Abstract Objective Previous morphometric studies are suggesting altered cortical thickness mainly in prefronto-temporal regions in first episode schizophrenia. In an extension of these earlier ...studies, we used an entire cortex vertex-wise approach and an automated clustering for the detection and exact quantification of cortical thickness alterations in first episode schizophrenia. Methods A group of 54 patients with first episode schizophrenia according to DSM-IV and 54 age and gender matched healthy control subjects were included. All participants underwent high-resolution T1-weighted MRI scans on a 1.5 T scanner. Cortical thickness was estimated as the distance between the gray–white matter border and the pial surface using an automated computerized algorithm (Freesurfer Software). Statistical cortical maps were created to estimate differences of cortical thickness between groups based on this entire cortex analysis. Results Significant cortical thinning was observed in first episode schizophrenia patients relative to controls in a number of cortical areas including the dorsolateral and frontopolar cortices, the anterior cingulate cortex, a ventrolateral–orbitofrontal cluster, as well as the superior temporal cortices and superior parietal lobe. Cortical thinning within these regions was on average 4.4–5.7% with strongest reductions in orbitofrontal regions (7.1%).

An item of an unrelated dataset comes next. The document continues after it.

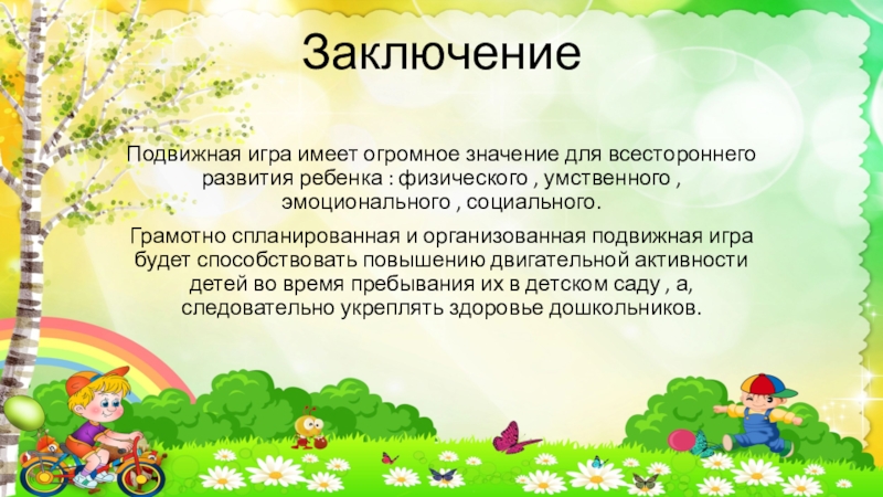 Грамотно спланированная и организованная подвижная игра будет способствовать повышению двигательной активности детей во время пребывания их в детском саду , а, следовательно укреплять здоровье дошкольников.

Conclusions The present findings suggest widespread reduction of cortical thickness, mostly in heteromodal cortices of fronto-temporal networks to be present at an early stage of schizophrenia. Taken together, the present morphometric data in first episode schizophrenia provide further evidence for potential neurodevelopmental deficits and disruption of cortical maturation in this disorder.